The entries below contain pictures. Write out only the lines from the line with "小学科目有名著西游三国水浒、" up to and including the line with "You will need", exactly, without them.

* [RECORDS SHOWN]:

================

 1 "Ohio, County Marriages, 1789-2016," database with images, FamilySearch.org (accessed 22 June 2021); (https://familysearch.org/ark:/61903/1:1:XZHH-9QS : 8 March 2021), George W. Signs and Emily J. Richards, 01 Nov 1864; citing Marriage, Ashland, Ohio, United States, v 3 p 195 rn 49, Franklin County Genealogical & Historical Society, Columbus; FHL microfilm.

================

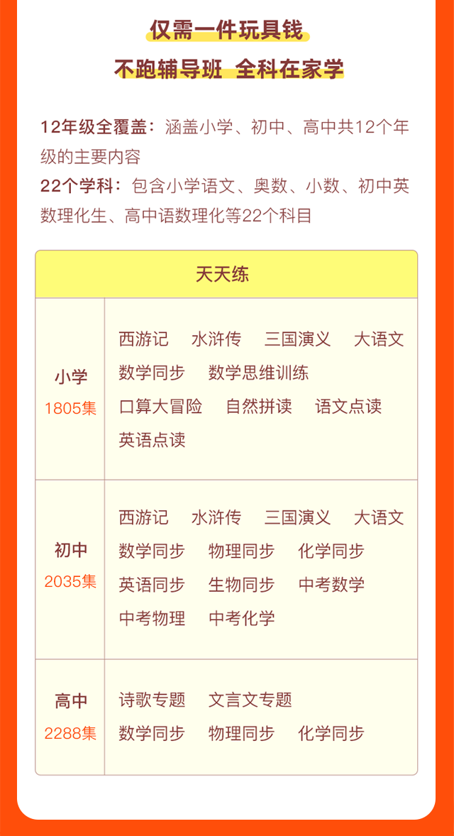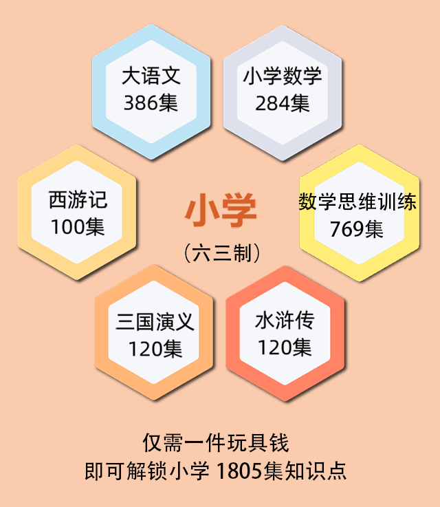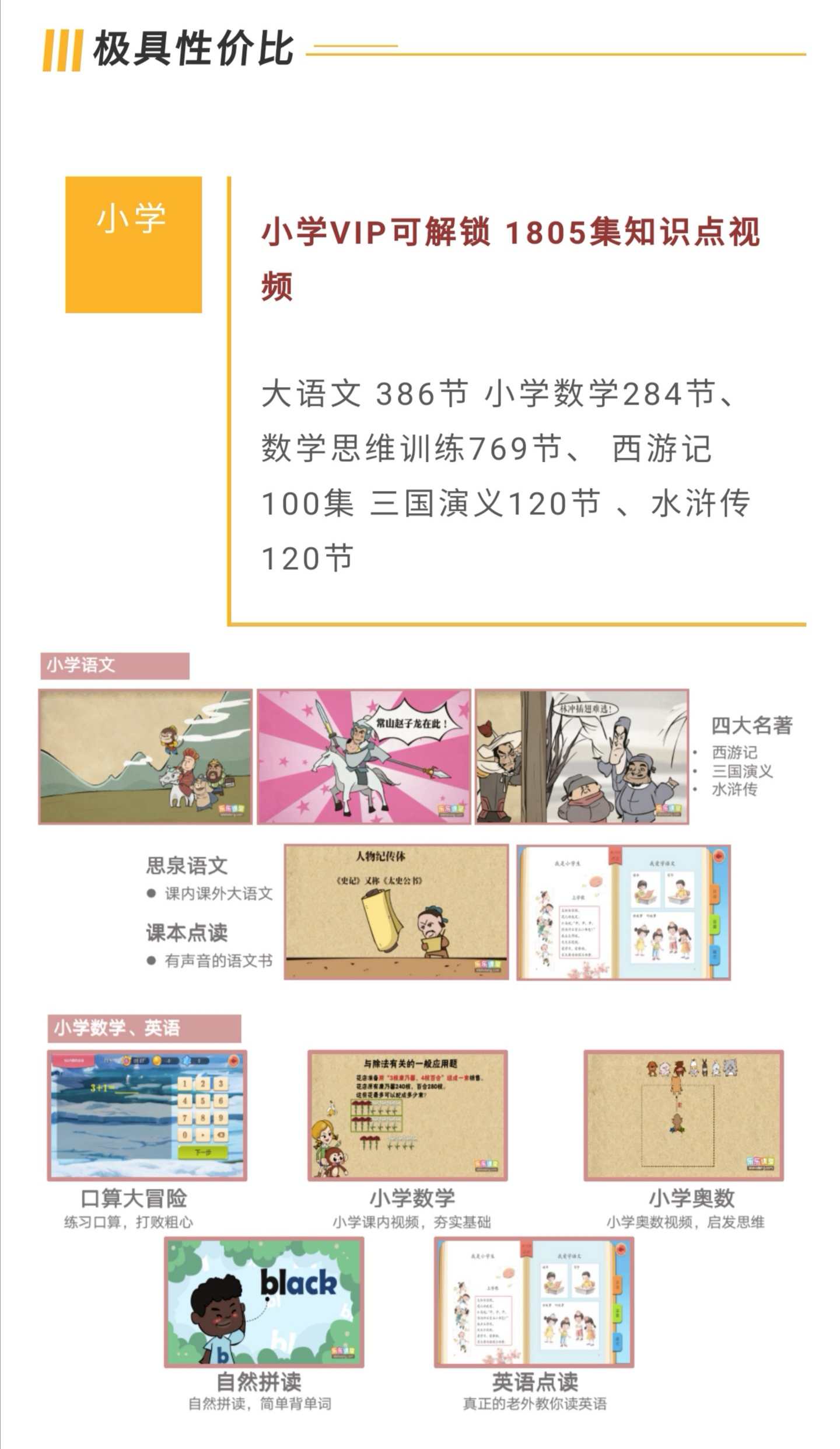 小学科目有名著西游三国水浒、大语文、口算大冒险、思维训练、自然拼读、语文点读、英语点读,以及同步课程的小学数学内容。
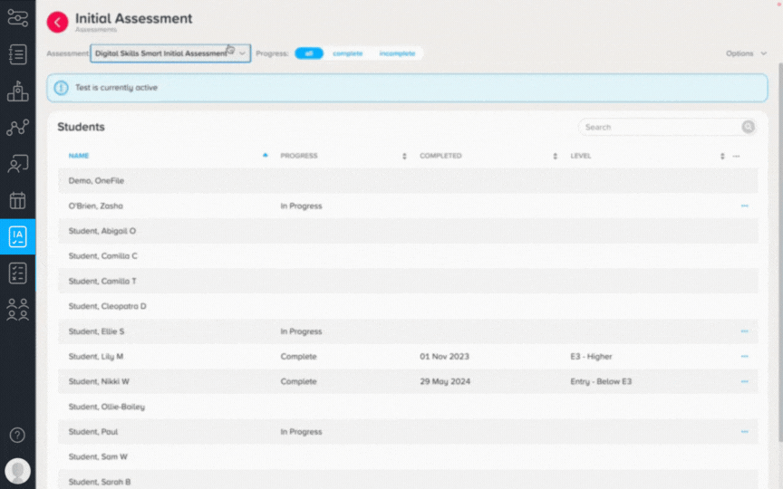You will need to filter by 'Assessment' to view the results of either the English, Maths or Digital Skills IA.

================

* [ANSWER SECTION]:
 小学科目有名著西游三国水浒、大语文、口算大冒险、思维训练、自然拼读、语文点读、英语点读,以及同步课程的小学数学内容。
You will need to filter by 'Assessment' to view the results of either the English, Maths or Digital Skills IA.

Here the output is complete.